Hello codeforces!
I recently got interested in the LCA problem and read a lot about it. I learned three methods for computing LCA queries:
Using Sparse Table (But i didn't like that approach since the 2-d array gives me outofmemory exception when number of nodes is 10^5 )
Transforming my rooted tree into an array and apply segment trees on it. This method works well for me but takes much too long to code.
Using Union-Find data structure.
Which approach do you use and why? Thanks!
I use ST. I think it's the most convinient one.

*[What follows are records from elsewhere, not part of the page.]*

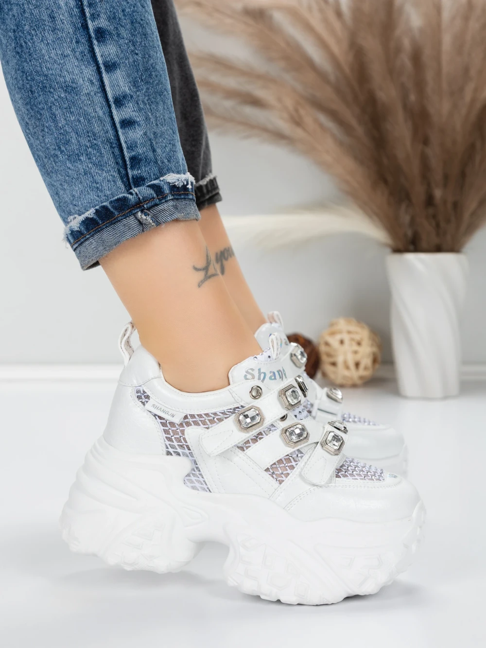Pantofi Sport Dama cu Platforma 0897-36 Alb | Mei
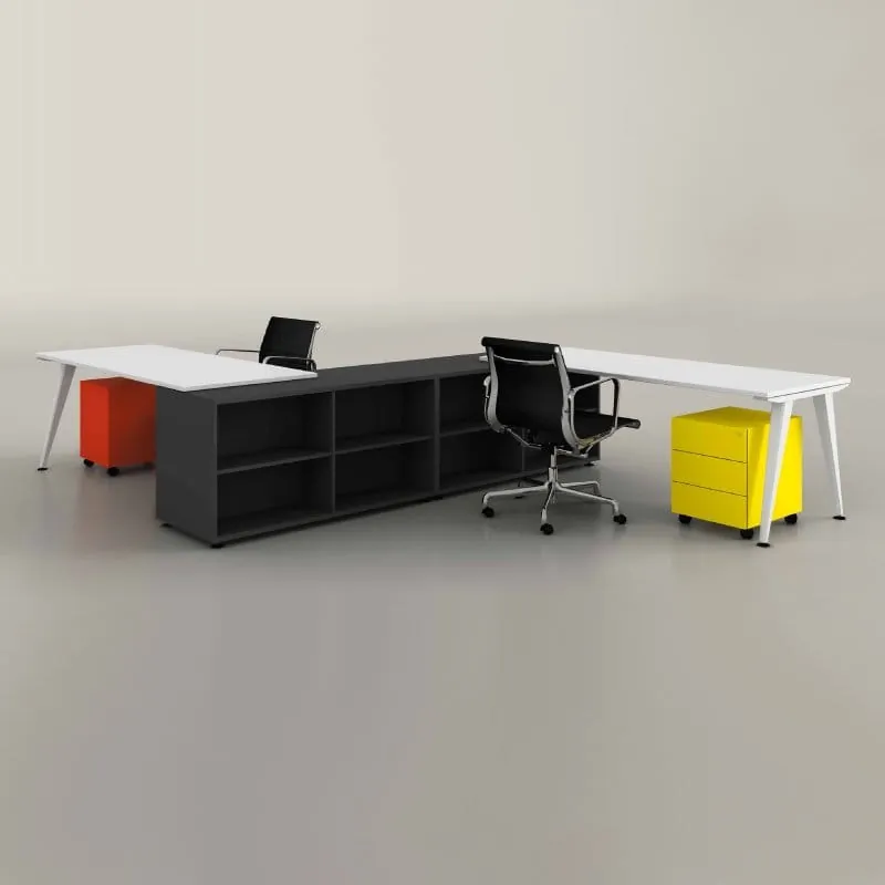 שולחן משרדי מבית המותג Raio, מתאים למרחבים משותפים. השולחן זמין במבחר צורות וגדלים בהתאמה אישית. המשטח מגיע בגימורים משתנים בשלל גוונים. הסדרה כוללת דלפק קבלה, עמדת עבודה ושולחן מנהלים.
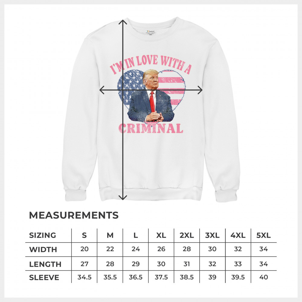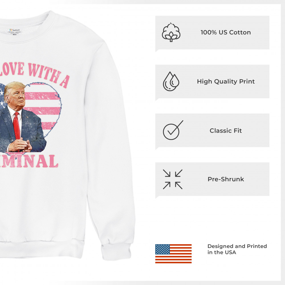 Support Trump with this "I'm in Love with a Criminal" design, embodying conservative values and America First ideals. Perfect for rallies and daily expression.
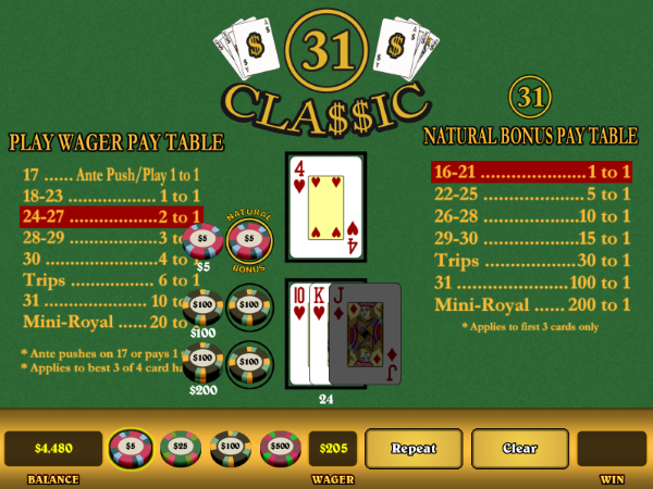 在上面这手牌中,我前三张牌之后,红桃点数为20,所以我下了“玩牌”的赌注。抽牌是红桃4,红桃点数总计24。由于总点数为24,我的“底注”赔率为1比1,而“玩牌”的赔率为2比1。“自然31奖励”的赔率基于我最初的三张牌,总点数为20,赔率为1比1。
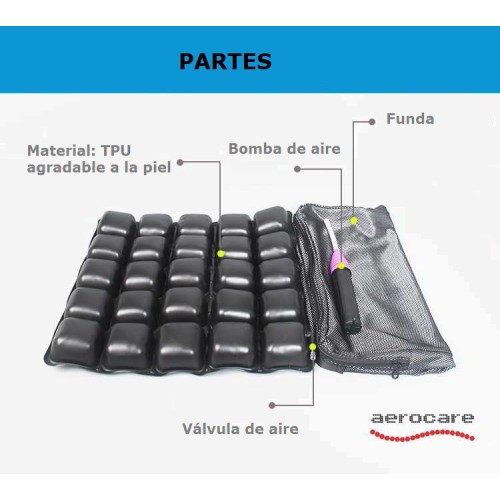 Medidas: 42x42x4.5cm, 25 celdas de aire. Foam incluido en cada celda, válvula de aire, Diseño único las celdas, conectadas como un todo para una mejor distribución del aire. Material: TPU agradable para la piel. Bomba de hinchado. Cubierta de calidad.
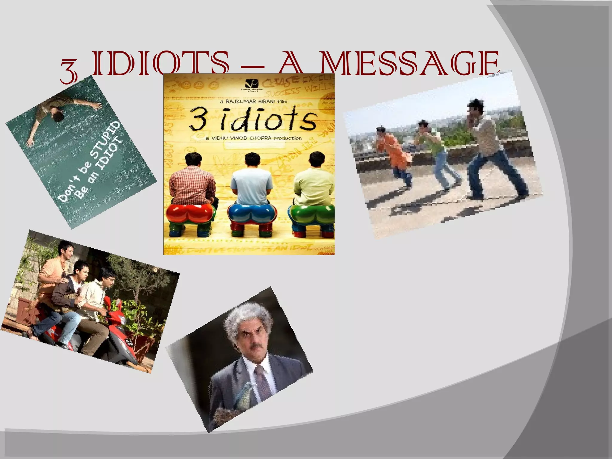 The document discusses themes from the movie 3 Idiots. It argues that colleges have become focused on exams rather than learning. It encourages students to follow their passions, think differently, and chase excellence rather than just success. It highlights examples from the movie where characters demonstrate presence of mind, thinking differently, and pursuing their dreams despite criticism. The document asserts the movie's message is not to criticize education but encourage free thinking in students.
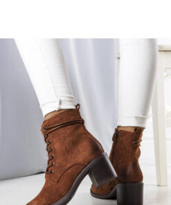 Bruine enkellaarsjes Sanlow zijn ideaal schoeisel voor koele herfstdagen. Ze hebben een standaard hakhoogte en een vierkante neus, en rond de enkel zijn ze omwikkeld met veters, wat ze karakter geeft. Gemaakt van suède-look kunstleer, ze hebben een hoge schacht met een ritssluiting aan de zijkant en vetersluiting aan de voorkant. De vierkante neus is licht gevoerd met een voetbed.
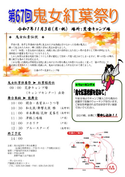 鬼女紅葉を偲ぶ「第67回鬼女紅葉祭り」が11月3日(日)、荒倉キャンプ場にて開催されます。
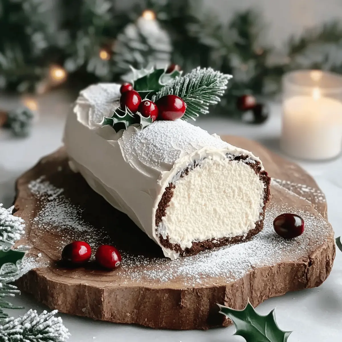 Indulge in a Festive Vegan Yule Log with White Chocolate Frosting
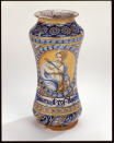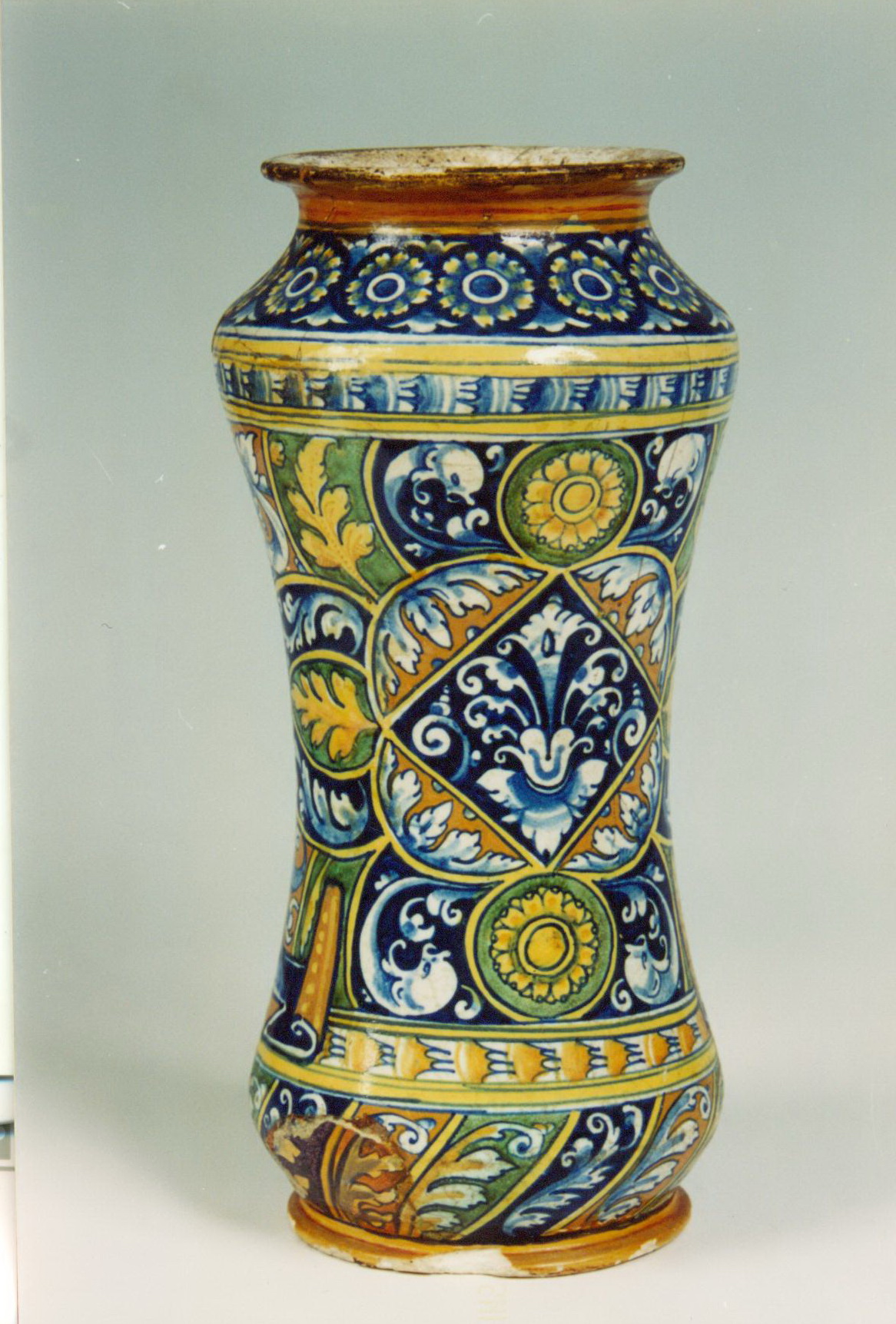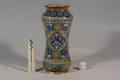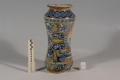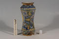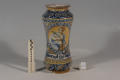 Закладка “Атрибуція” - Змiн.додаток до назва (лист, ...): Альбарелло із поколінним зображенням в овальному медальйоні св. Катерини/Змiн.опис: Альбарелло злегка звуженої у центральній частині форми, із зображенням св. Катерини Александрійської в овальному медальйоні. у нижній частині форми на білій стрічці напис готичними літерами: Zucari. d. ros dagnis (рожевий цукор). Над ніжкою смуги орнаменту із стилізованих гілок аканту. Фарби сині, жовті, зелені./Змiн. час створення: перша чверть XVI ст. (каталог Рославець О.М. 2003 р.)Новый материал: майоліка
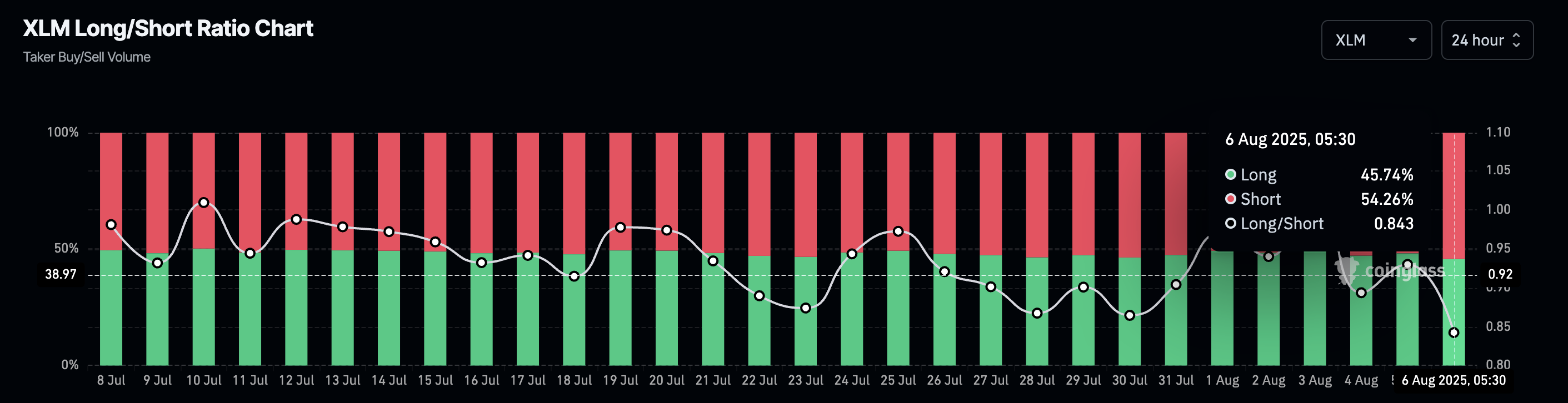 Gráfico de relación larga/corta de XLM. Fuente: Coinglass
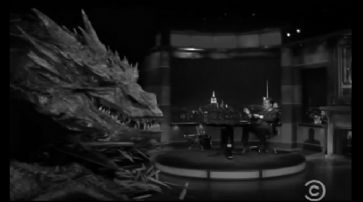 Smaug beantwort brennende Fragen von Stephen Colbert. /
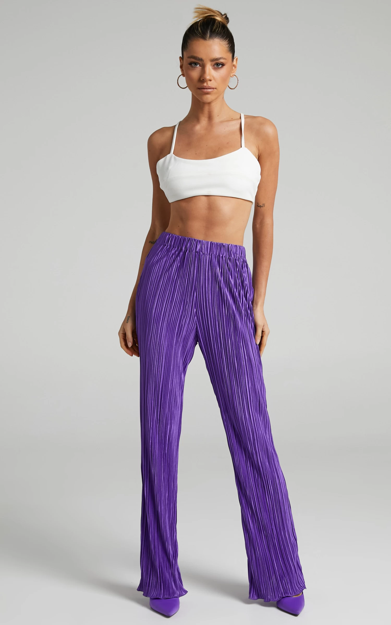 Team them with a cropped tee and platform sandals for a fun sunny-day look or jump on board the co-ord trend with the matching Beca Plisse Button Up Shirt in Purple!
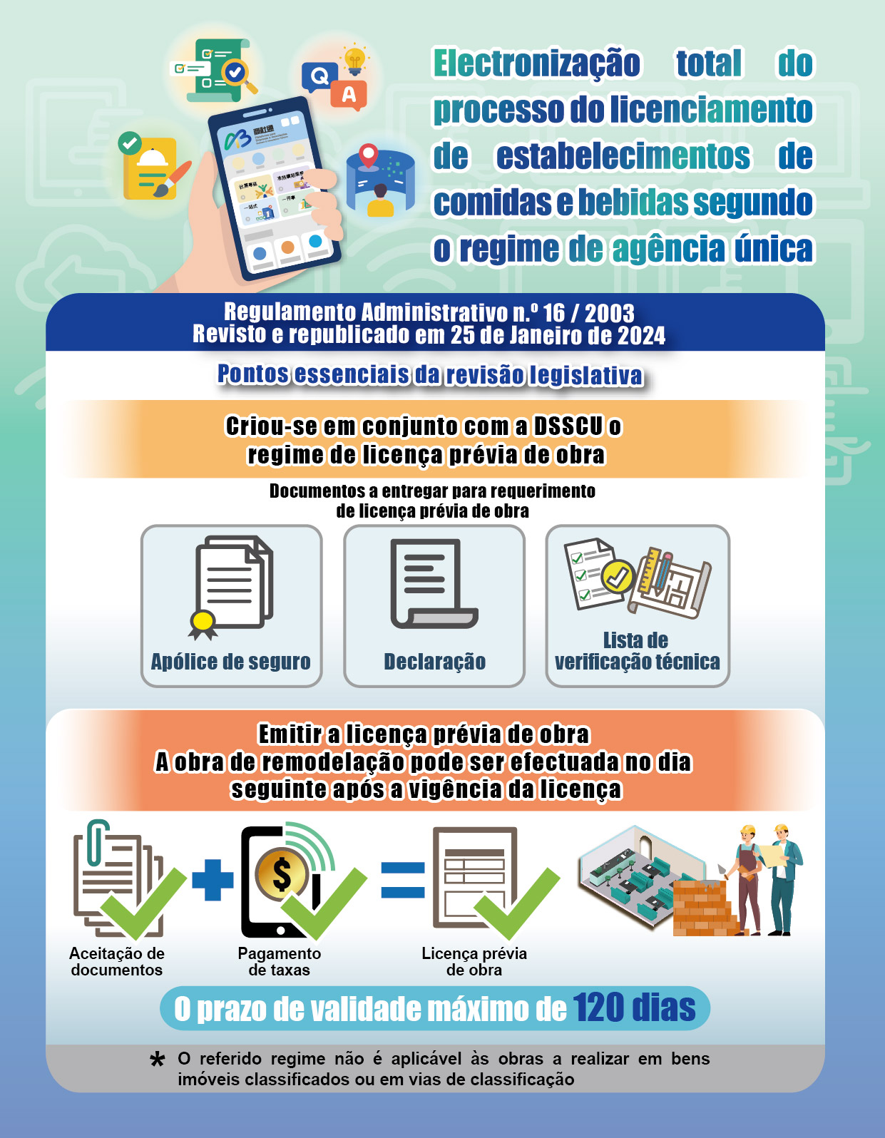 Com a introdução da licença prévia de obra, após a apresentação dos documentos necessários e o pagamento de taxas, o requerente recebe um recibo com validade de licença de obra, podendo iniciar de imediato as obras do estabelecimento no dia seguinte ao da emissão do recibo. A apreciação das plantas pode ser realizada simultaneamente com a execução das obras. Sob o novo regime, a vistoria e a inspecção contra incêndio são abrangidas no procedimento do licenciamento. A marcação das datas para vistoria e inspecção é mais aberta e transparente., ficando assim resolvidos os problemas, que o sector levantou no passado, relacionados com a “dificuldade no início da obra, na apreciação e no início da actividade”.

It isn't. You have O(NlogN) memory and you only get O(logN) per query.
HPD is a much better choice.
what does HPD stands for?
Heavy Path Decomposition
But HPD isn't much easy to code. I think it's easier and faster to use ST when there are enough memory.
If the time and memory limits allow it, I would go for binary lifting method. Otherwise, I will most likely code heavy-light decomposition which gives O(N) preprocessing, O(N) memory and O(logN) per query :)
Nice! but binary lifting is slow with a query of O(log^2 n)
Actually it's O(logN), what makes it worse than HLD is the preprocessing time and memory complexity both of O(NlogN). But it's much easier to code so that's my first choice if the memory and time limit allow it, as I said :)
I use sparse table (
parent[lgN][N]
) as it's easy to code and doesn't require any additional knowledge (segment trees).BTW, if N=100000, 4*17*100000 = 6.8 MB. Where is your MLE?
how is it [logN][N] ? My implementation use parent[N][N] Can you provide a code of your approach?
Thanks!
Seems that you haven't learned anything, lol. Here you are: 10077331
You can implement HLD without Segment Tree, and it works for LCA problems. Easier to code for me. Which one do you find faster in practice ??